[[ Data extracts, beginning ]]

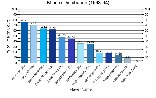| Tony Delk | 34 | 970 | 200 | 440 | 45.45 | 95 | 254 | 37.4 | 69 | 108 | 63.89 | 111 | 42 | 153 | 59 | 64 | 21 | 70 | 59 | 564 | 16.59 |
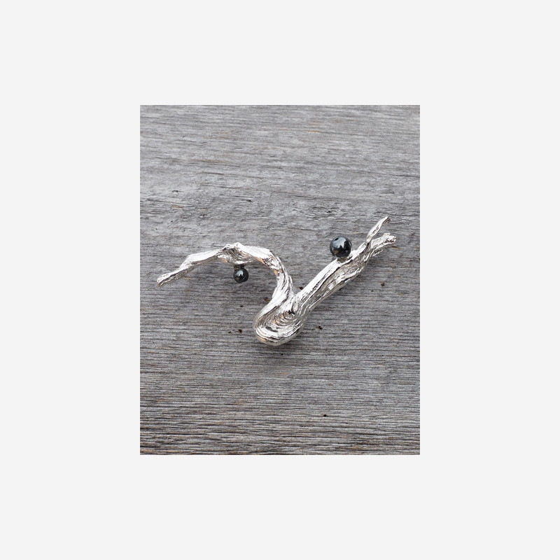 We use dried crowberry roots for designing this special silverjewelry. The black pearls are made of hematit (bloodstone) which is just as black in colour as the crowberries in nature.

[[ Data extracts, end ]]
[[ Data extracts, beginning ]]

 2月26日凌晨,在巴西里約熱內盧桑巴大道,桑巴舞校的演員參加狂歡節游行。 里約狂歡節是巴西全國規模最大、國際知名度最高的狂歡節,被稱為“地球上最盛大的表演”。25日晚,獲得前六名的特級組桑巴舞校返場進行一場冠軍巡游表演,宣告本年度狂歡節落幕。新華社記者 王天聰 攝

[[ Data extracts, end ]]
[[ Data extracts, beginning ]]

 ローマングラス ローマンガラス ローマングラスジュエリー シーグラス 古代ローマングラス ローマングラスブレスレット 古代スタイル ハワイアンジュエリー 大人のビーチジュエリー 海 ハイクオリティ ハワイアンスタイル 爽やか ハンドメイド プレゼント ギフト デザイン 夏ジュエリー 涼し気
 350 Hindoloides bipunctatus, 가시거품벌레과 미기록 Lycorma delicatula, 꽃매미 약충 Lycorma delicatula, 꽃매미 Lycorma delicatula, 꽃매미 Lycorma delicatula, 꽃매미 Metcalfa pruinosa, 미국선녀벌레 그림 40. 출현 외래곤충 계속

[[ Data extracts, end ]]

_Prompt:_ Given the records above, return exactly the lines starting at the line containing "ローマングラス ローマンガラス ローマングラスジュエリー" and ending at the line containing "350 Hindoloides bipunctatus, 가시거품벌레과", including both.

_The completed task:_
 ローマングラス ローマンガラス ローマングラスジュエリー シーグラス 古代ローマングラス ローマングラスブレスレット 古代スタイル ハワイアンジュエリー 大人のビーチジュエリー 海 ハイクオリティ ハワイアンスタイル 爽やか ハンドメイド プレゼント ギフト デザイン 夏ジュエリー 涼し気
 350 Hindoloides bipunctatus, 가시거품벌레과 미기록 Lycorma delicatula, 꽃매미 약충 Lycorma delicatula, 꽃매미 Lycorma delicatula, 꽃매미 Lycorma delicatula, 꽃매미 Metcalfa pruinosa, 미국선녀벌레 그림 40. 출현 외래곤충 계속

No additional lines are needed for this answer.